One of the keys to a robust democracy is the presence of strong communities made up of individuals and organizations that have the capacity to work together to solve their problems. Practices and policies of the government and of higher education can serve to strengthen this capacity or they can inhibit it. The Kettering Foundation has an interest in the historical trends that have affected the opportunities for communities to build democratic capacity and the role of institutions in that effort.
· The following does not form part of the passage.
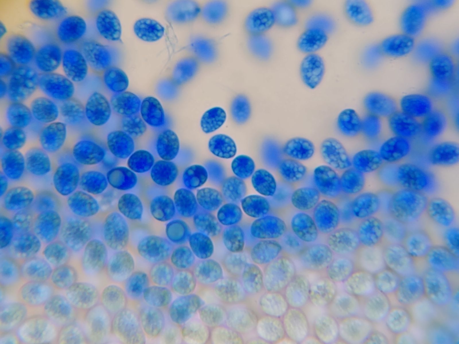 Bild 12 Sporen cyanophil mit vielen Tröpfchen gefüllt

In this Kettering Foundation working paper, Edith Ziegler conducts a significant analysis and interpretation of the meaning of community from the era of Theodore Roosevelt’s presidency. She examines the roles of both government and higher education in strengthening rural communities, which, from Roosevelt’s perspective, were considered necessary to feed the world. Her view of this history is not romanticized; Ziegler clearly casts the sense of inequity that was present in this era. However, her analysis reveals that rural communities were considered the backbone of a strong nation. Thus it became an important mission of government and of higher education to strengthen rural communities, specifically, and to ensure that the farmer was an integral part of the networks that formed them. She provides useful descriptions and definitions of community that are relevant today.

Ziegler is an adjunct lecturer at the University of New England in Armidale, NSW, Australia. She is also the author of Schools in the Landscape: Localism, Cultural Tradition and the Development of Alabama’s Public Education System, 1865-1915 (University of Alabama Press, 2010).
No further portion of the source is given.